• Given information:
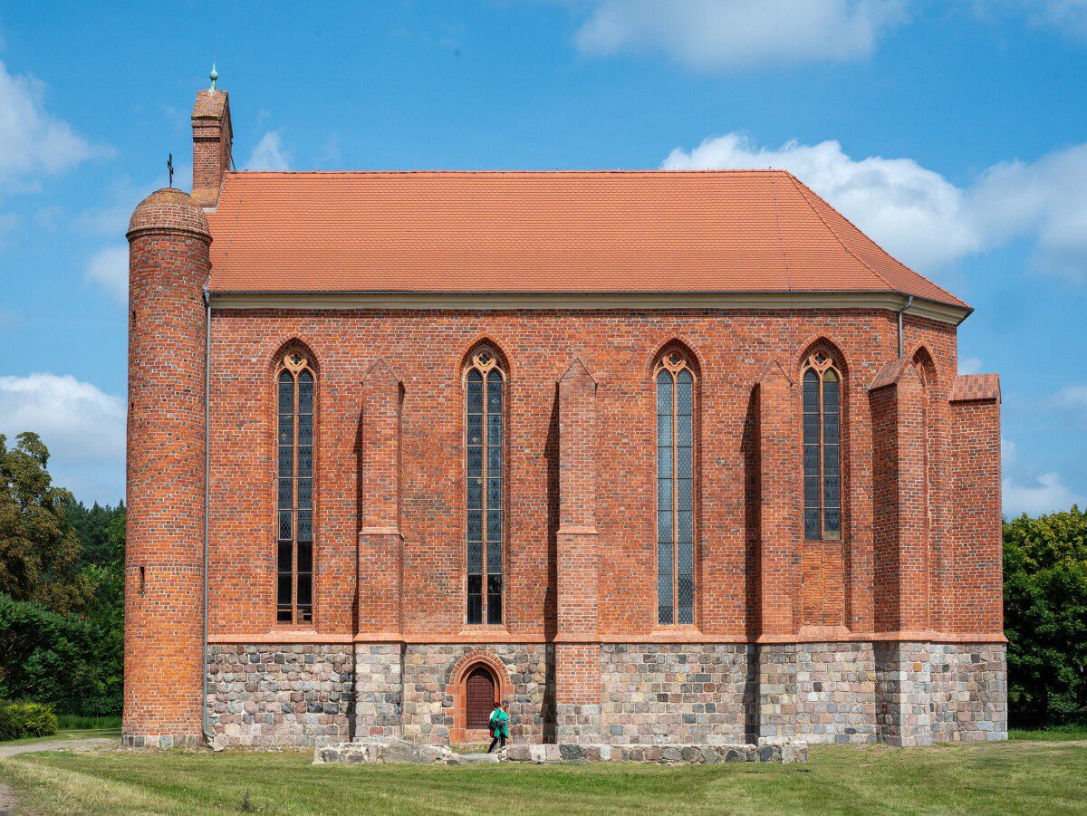 • Wieże: Od strony zachodniej kościół zdobią dwie smukłe, cylindryczne wieżyczki, które nadają budowli charakter obronny (podobieństwo do zamków rycerskich).
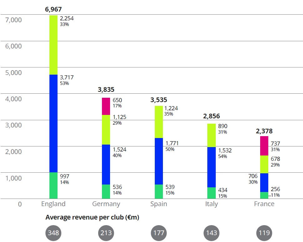 Me parece relevante completar esta información con la tabla del Informe de Deloitte que recoge los ingresos totales de los campeonatos, así como el tamaño medio por equipo, y la diferencia es abismal.
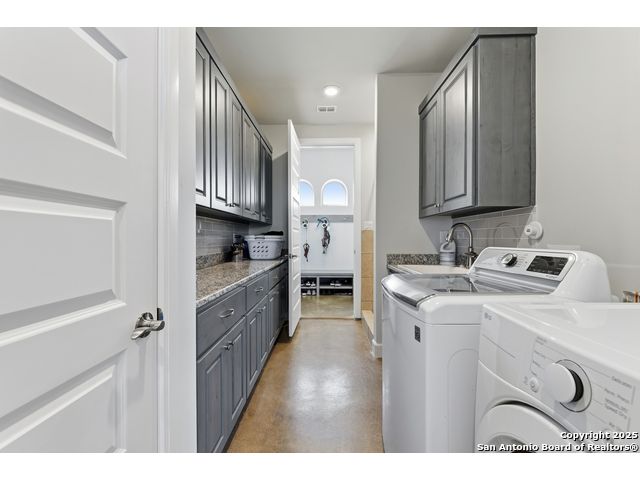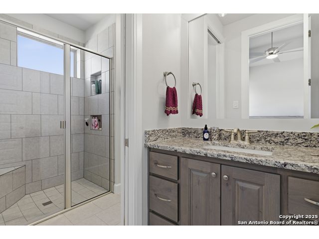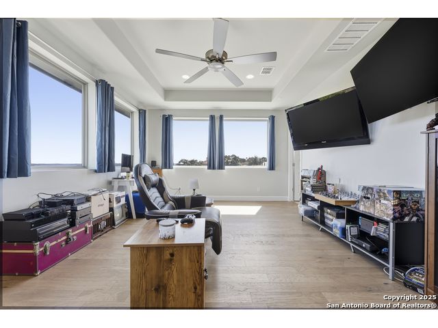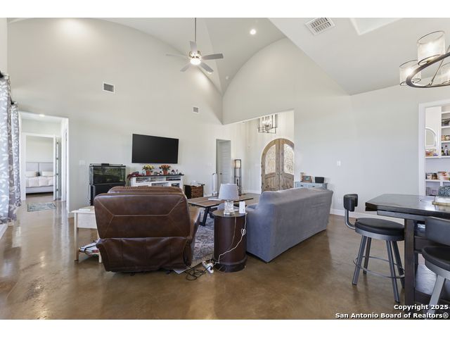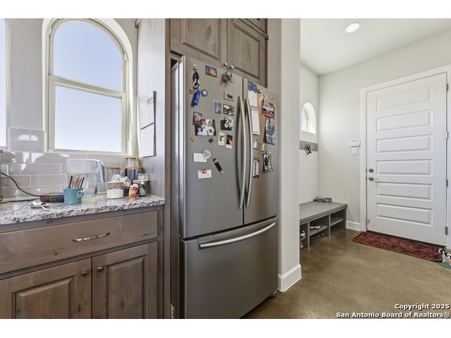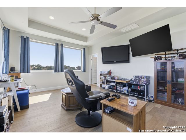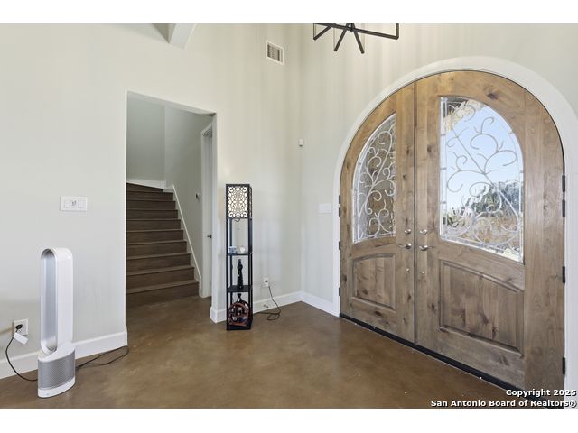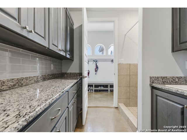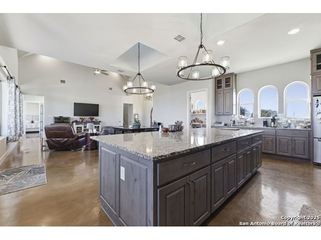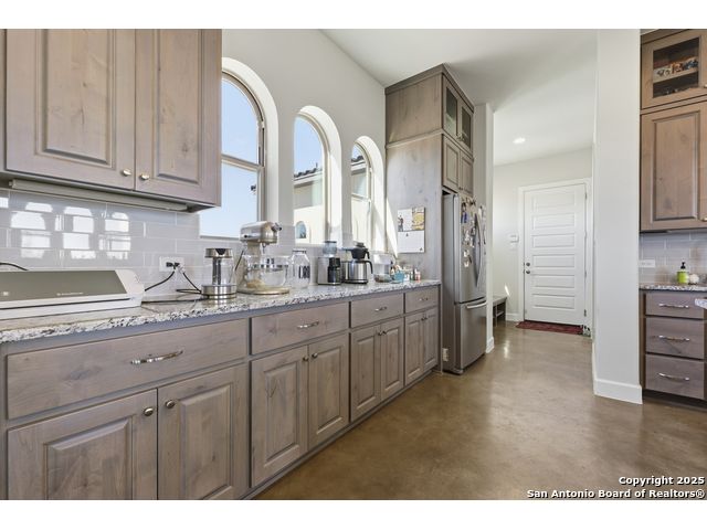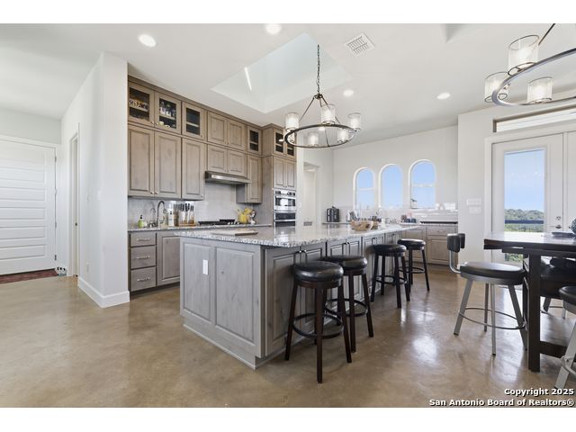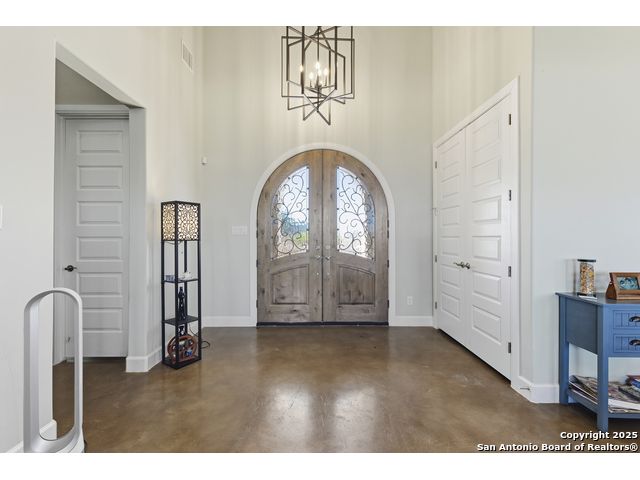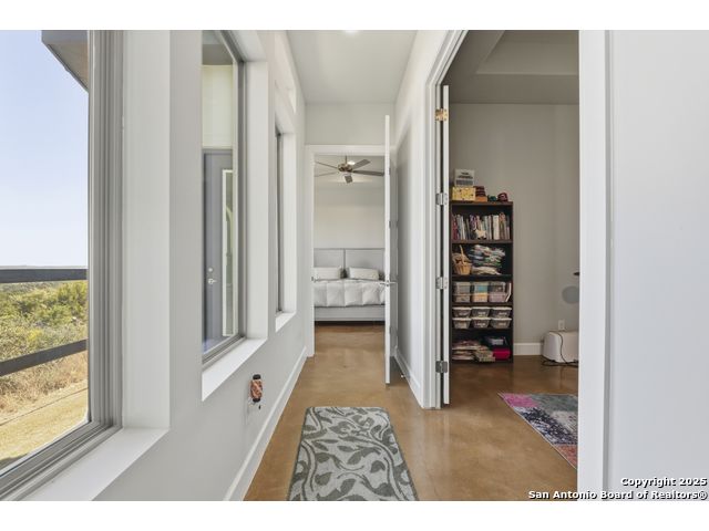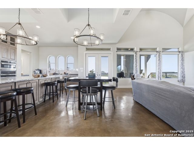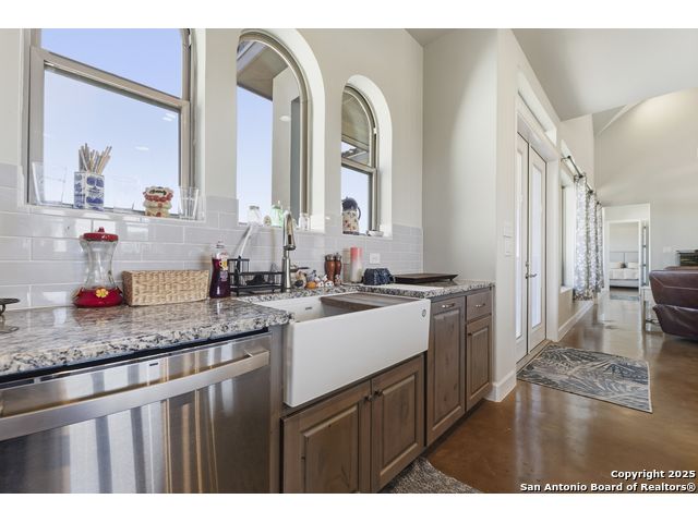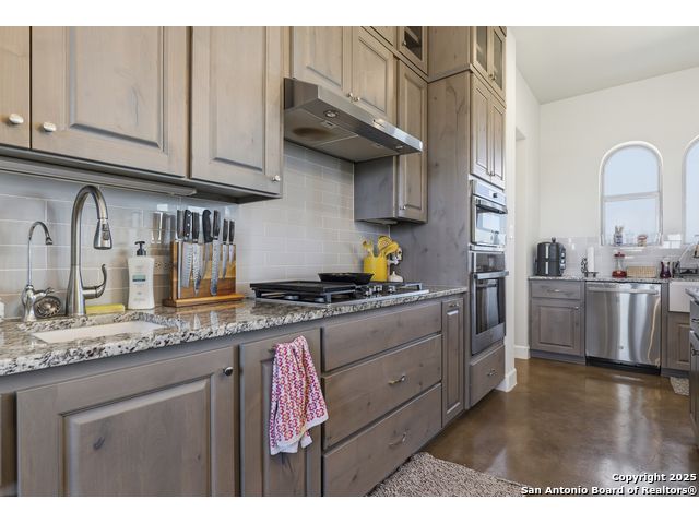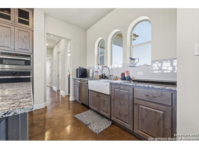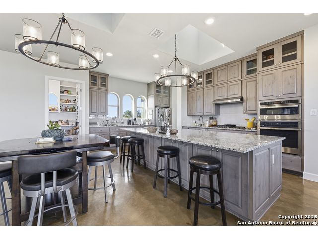 Welcome to your Stunning, 4/2.5(2)/3 home, on 2.66 acres in the absolutely gorgeous Mystic Shores. This home has Amazing views of the Hill Country and you will love the views Canyon Lake. The curb appeal is eye catching with the front and back yard sprinkler system, native and drought resistance plants, and keeping the natural landscape. You will feel right at home here with all the space you get, not only in the bedroom sizes, but the craft room, gym and office and don't forget the Loft upstairs with its own half bath. You have a 3 car, attached garage with a side entry. As you enter this beautifully light filled home, take note of the gorgeous wood front door and the notable stained concrete flooring. The entry is wide and flows into your open floor plan home. Your living room features an incredible Groin Ceiling and bespoke windows for that natural light to come through. Your dining area is open to the kitchen and shows off an exquisite chandelier. The gourmet kitchen, the heart of any home, gives you gorgeous granite counter tops, classic white subway tile, stainless steel appliances, an island with breakfast bar, graceful custom wood cabinets that offer a tremendous amount of space, gas cooking, a vegetable sink, a farm sink, a built in oven and microwave and a large walk in pantry. The granite is consistent throughout the home. There is a half bath off the kitchen area that gives access to the patio. Your laundry room features a sink, a dog wash station and more spacious cabinets for additional storage. Your master bedroom offers dramatic views with the stately bay style windows, you have a dry bar and separate his/hers closets. The master bath offers a separate garden tub and walk through shower with three shower heads, separate double vanities and is ready to be your own private retreat. Off your master bath is the exercise room with rubber flooring. Your secondary bedrooms leave plenty of room for everyone to have their own peace. Upstairs you have the loft with vaulted ceilings, with sparkling windows throughout and a half bath. Your back features a covered patio with a gas fireplace that is perfect for your morning coffee, or evening wine, to sit and take in the immense views you have. The patio is plumbed for an outdoor kitchen and is ready to help you relax with the outdoor fireplace. This home is priced below assessed value and is a true Hill Country gem! You are close to shopping and restaurants. You will love the lifestyle you get here with the controlled gated, waterfront access in the neighborhood, walk/jog/bike trails, sports courts and clubhouse with park and playground. Don't miss your opportunity to own this piece of Texas heaven!

• Exercise directions: Go through the material and set it down again exactly, but without any pictures.

• Reply:
 • Wieże: Od strony zachodniej kościół zdobią dwie smukłe, cylindryczne wieżyczki, które nadają budowli charakter obronny (podobieństwo do zamków rycerskich).
 Me parece relevante completar esta información con la tabla del Informe de Deloitte que recoge los ingresos totales de los campeonatos, así como el tamaño medio por equipo, y la diferencia es abismal.
 Welcome to your Stunning, 4/2.5(2)/3 home, on 2.66 acres in the absolutely gorgeous Mystic Shores. This home has Amazing views of the Hill Country and you will love the views Canyon Lake. The curb appeal is eye catching with the front and back yard sprinkler system, native and drought resistance plants, and keeping the natural landscape. You will feel right at home here with all the space you get, not only in the bedroom sizes, but the craft room, gym and office and don't forget the Loft upstairs with its own half bath. You have a 3 car, attached garage with a side entry. As you enter this beautifully light filled home, take note of the gorgeous wood front door and the notable stained concrete flooring. The entry is wide and flows into your open floor plan home. Your living room features an incredible Groin Ceiling and bespoke windows for that natural light to come through. Your dining area is open to the kitchen and shows off an exquisite chandelier. The gourmet kitchen, the heart of any home, gives you gorgeous granite counter tops, classic white subway tile, stainless steel appliances, an island with breakfast bar, graceful custom wood cabinets that offer a tremendous amount of space, gas cooking, a vegetable sink, a farm sink, a built in oven and microwave and a large walk in pantry. The granite is consistent throughout the home. There is a half bath off the kitchen area that gives access to the patio. Your laundry room features a sink, a dog wash station and more spacious cabinets for additional storage. Your master bedroom offers dramatic views with the stately bay style windows, you have a dry bar and separate his/hers closets. The master bath offers a separate garden tub and walk through shower with three shower heads, separate double vanities and is ready to be your own private retreat. Off your master bath is the exercise room with rubber flooring. Your secondary bedrooms leave plenty of room for everyone to have their own peace. Upstairs you have the loft with vaulted ceilings, with sparkling windows throughout and a half bath. Your back features a covered patio with a gas fireplace that is perfect for your morning coffee, or evening wine, to sit and take in the immense views you have. The patio is plumbed for an outdoor kitchen and is ready to help you relax with the outdoor fireplace. This home is priced below assessed value and is a true Hill Country gem! You are close to shopping and restaurants. You will love the lifestyle you get here with the controlled gated, waterfront access in the neighborhood, walk/jog/bike trails, sports courts and clubhouse with park and playground. Don't miss your opportunity to own this piece of Texas heaven!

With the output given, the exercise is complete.